Particularly for a given ecs_service, we will focus on understanding the network_configuration and load_balancer arguments, as defined below in a example;

resource "aws_ecs_service" "demo-ecs-servicee" {
  name = "demo-ecs-service"
  cluster = aws_ecs_cluster.demo-ecs-cluster.id
  task_definition = aws_ecs_task_definition.demo-task-definition.arn
  launch_type = "FARGATE"
  desired_count = 2

  network_configuration {
     subnets = ["subnet-004456cbfe1000201u1"]
     assign_public_ip = true
     security_groups = [aws_security_group.demo-ecs-sg.id]
  }
  load_balancer {
     target_group_arn = aws_alb_target_group.demo-ecs-tg.arn
     container_name = "name-of-container"
     container_port = 3000
  }
}

Network Configuration

Starting with the network_configuration argument, this contains what subnet this particular service is running in. A subnet is defined within a Virtual Private Network, aka VPC

VPC

VPC is the overall encompassing resource, fully managed by AWS. VPC is definied within aws region, and then availablility zones, each zone containing a subnet. Below is a terraform definition for a vpc resource:

resource "aws_vpc" "demo-vpc" {
  cidr_block = "10.0.0.0/16"
  enable_dns_hostnames = true
}

The cidr_block argument is required for a VPC definition, CIDR helps to define the range of IPv4 (or IPv6) addresses we will be using within this VPC. The enable_dns_hostnames has a default value of false, we must set this to true to allow Route53 to do its magic.
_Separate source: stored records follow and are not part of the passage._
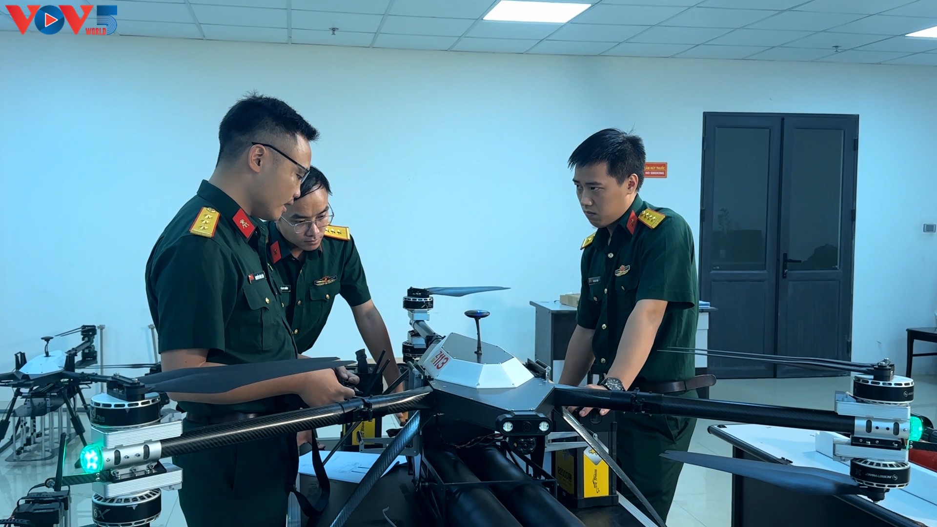 Các nghệ sĩ Điện ảnh Quân đội tác nghiệp trong phim khoa học khoa học quân sự. |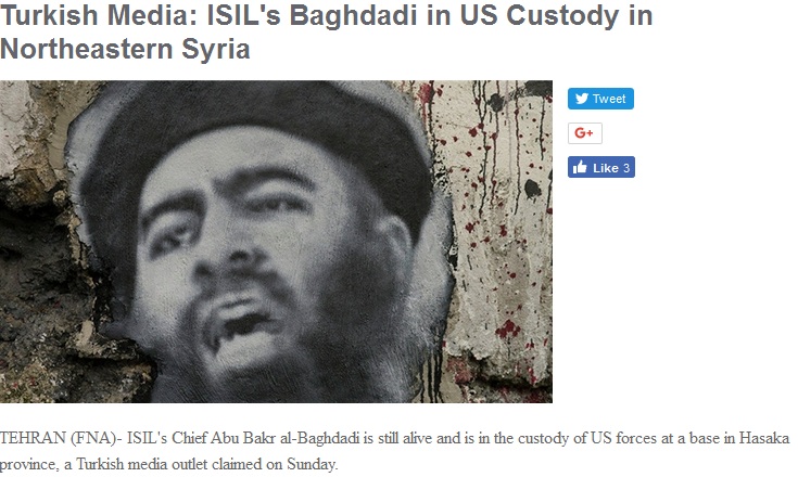 Την ίδια ώρα η τουρκική εφημερίδα Yeni Şafak επικαλούμενη συριακές πηγές αναφέρει ότι ο ηγέτης της ISIS al-Baghdadi κρατείται από τις ΗΠΑ στην περιοχή al-Karamah της βορειοανατολικής Συρίας. Όπως αναφέρει το τουρκικό δημοσίευμα ο Baghdadi συνελήφθη στο Ιράκ και στη συνέχεια είχε μεταφερθεί στην αεροπορική βάση Ra’as al-Ein πρν μεταφερθεί σε αμερικανική βάση στην περιοχή της al-Hasaka, όπου βέβαια πραγματοποιείται και η συγκρότηση του NSA.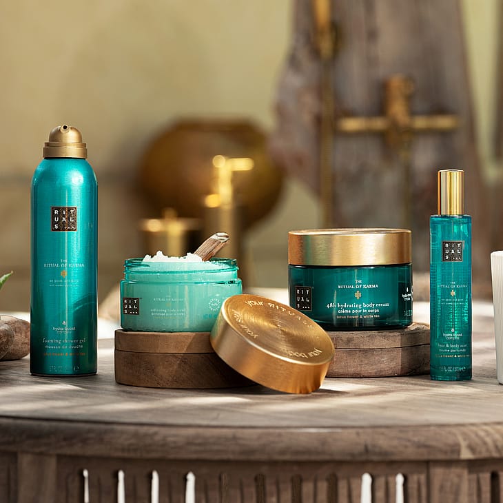 Kuorinta-aine myös elvyttää ihoa ja antaa sille lootuksen kukan ja valkoisen teen ihanan tuoksun. Käytä lopuksi vielä The Ritual of Karma Body Cream -vartalovoidetta: kuorinta-aine varmistaa, että tämä kosteuttava voide pääsee imeytymään entistä syvemmälle ihoon ja kosteuttamaan erityisen tehokkaasti. Tai hemmottele itseäsi yön yli iholle jätettävällä vartalonaamiolla kerran tai kahdesti viikossa saadaksesi ihollesi erityisen tehokkaan annoksen kosteutusta.
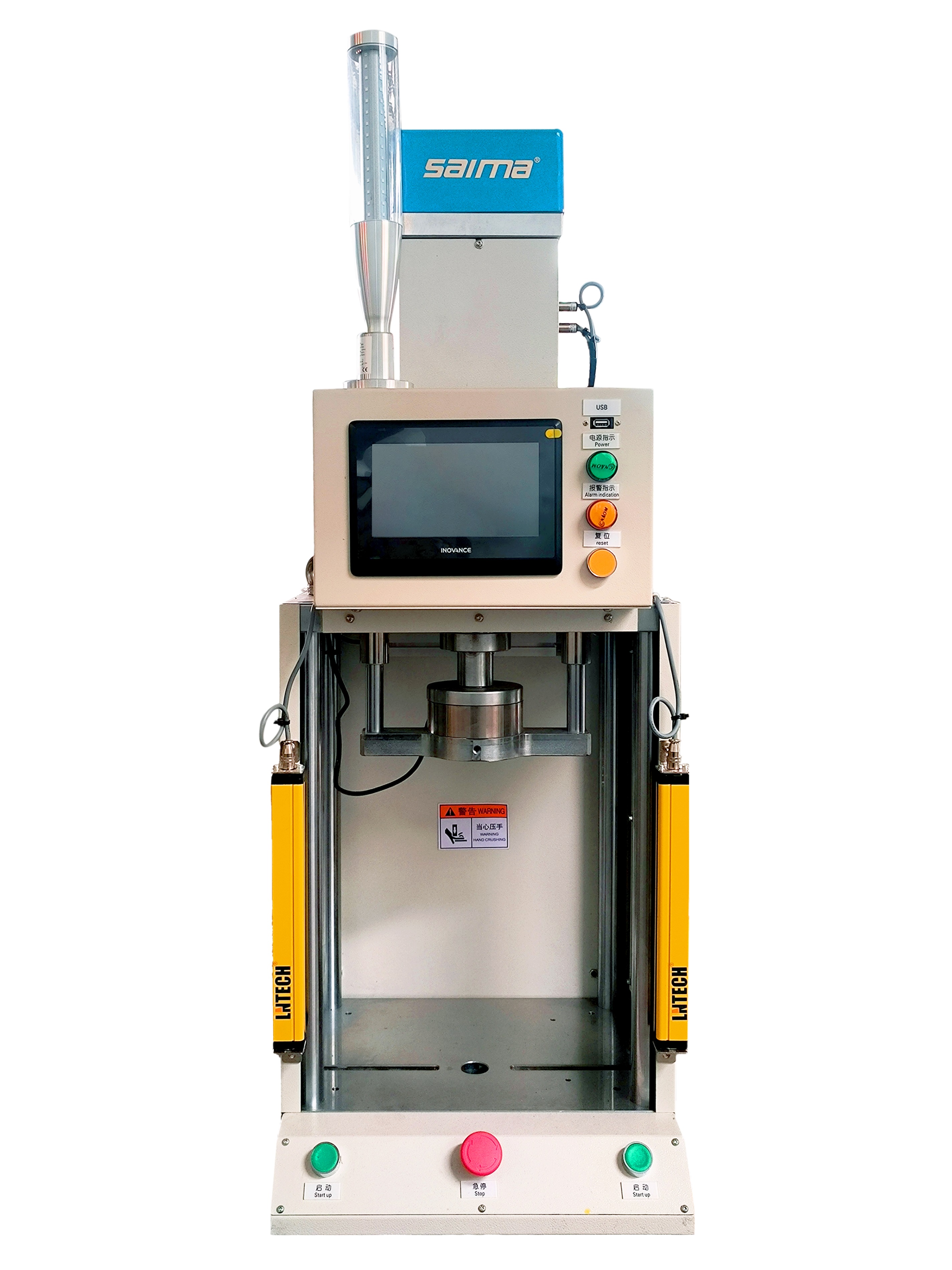 1 :標(biāo)準(zhǔn)伺服壓力機(jī)采用四柱機(jī)身構(gòu)造,剛性好,最大程度上保障了整體結(jié)構(gòu)的牢固和安全性,可隨時(shí)移動(dòng),在桌面放置,占地面積小。
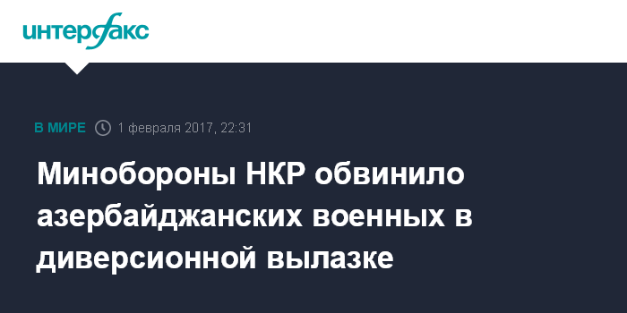 Москва. 1 февраля. INTERFAX.RU - Вооруженные силы Азербайджана днем в среду предприняли попытку диверсионно-разведывательного проникновения на территорию непризнанной Нагорно-Карабахской республики (НКР), сообщает пресс-служба Минобороны НКР.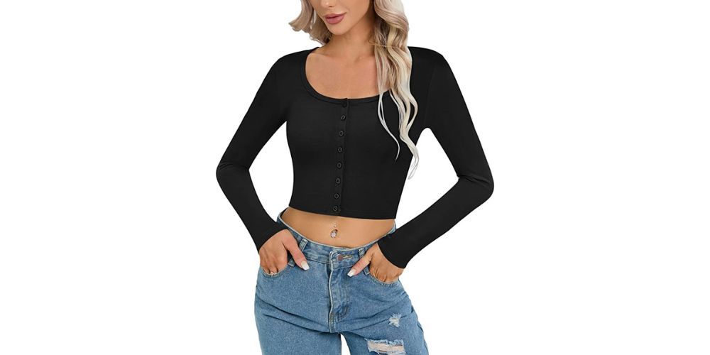 This button-down wonder boasts a flattering scoop neck and long sleeves, making it an excellent choice for any fashion-conscious woman. Stretchy and comfortable, this crop top fits true to size according to one customers, making it an excellent deal. Style it with high-waisted shorts and sandals for a casual summer look, or pair with a denim jacket and heels for a night out.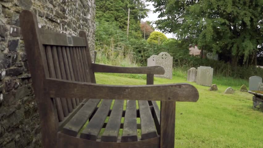 Wooden Bench In A Churchyard Or Graveyard Of A Church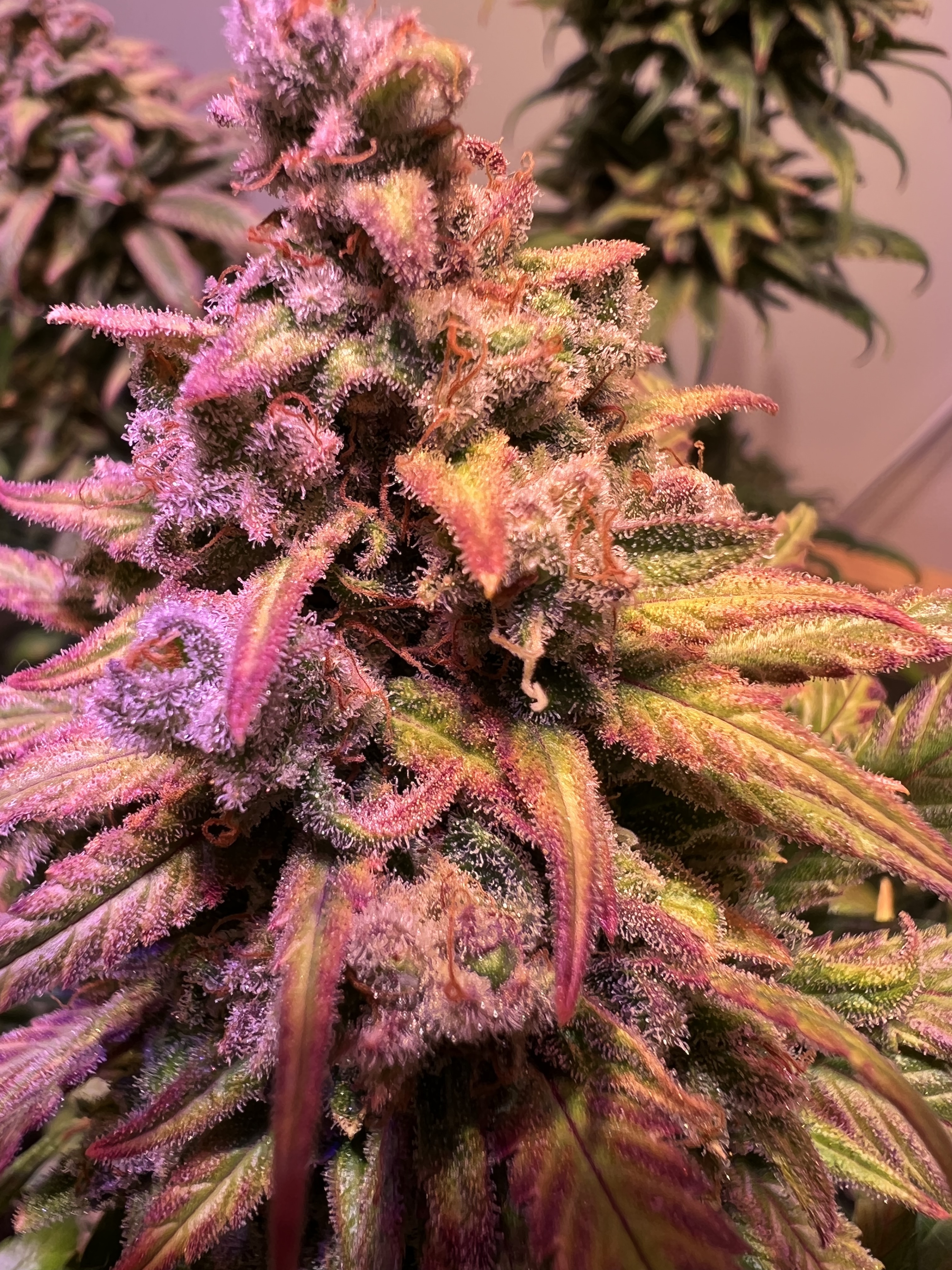 Die Ladys sind weiterhin durstig und die Trichome noch alle recht klar. Das wird noch ne Weile bis zum köpfen dauern. Derzeit bekommen sie weiterhin alle 5 Tage ihre 100% vom BB-Schema.

Since a VPC is private (duh :-)), we will need to have a way it communicates with the world wide web aka the internet, and this is where the Internet Gateway resource comes into play. According to AWS docs;

An Internet Gateway is a horizontally scaled, redundant, and highly available VPC component that allows communication between our VPC and the internet.

below is the resource definition needed using terraform

resource "aws_internet_gateway" "demo-gw" {
  vpc_id = aws_vpc.demo-vpc.id
}

The vpc_id is a required argument since ties this particular gateway to our demo-vpc defined earlier. Now that we have the VPC, CIDR, and Internet Gateway components are defined, we can go ahead to create subnets. As mentioned earlier, these subnets are within the availability zones we have defined for this VPC. below is a subnet resource in AWS using terraform

resource "aws_subnet" "demo-subnet" { 
  vpc_id = aws_vpc.demo-vpc.id
  count = 1
  availability_zone = us-east-1
  cidr_block = "10.0.0.0/24"
}

Looking back at the network_configuration argument, we can now deduce where the subnet value comes from. The assign_public_ip set to true (as below) allows for our ecs_service to be accessed via the internet hence our internet gateway definition earlier as well.

network_configuration {
     subnets = [subnet-004456cbfe1000201u1]
     assign_public_ip = true
     security_groups = [aws_security_group.demo-ecs-sg-prod.id]
  }

Security Group(s)

Our next quest is to deduce where the security_groups value comes from: According to AWS docs;

A security group acts as a virtual firewall for your instance to control inbound and outbound traffic. ... Security groups act at the instance level, not the subnet level. Therefore, each instance in a subnet in your VPC can be assigned to a different set of security groups.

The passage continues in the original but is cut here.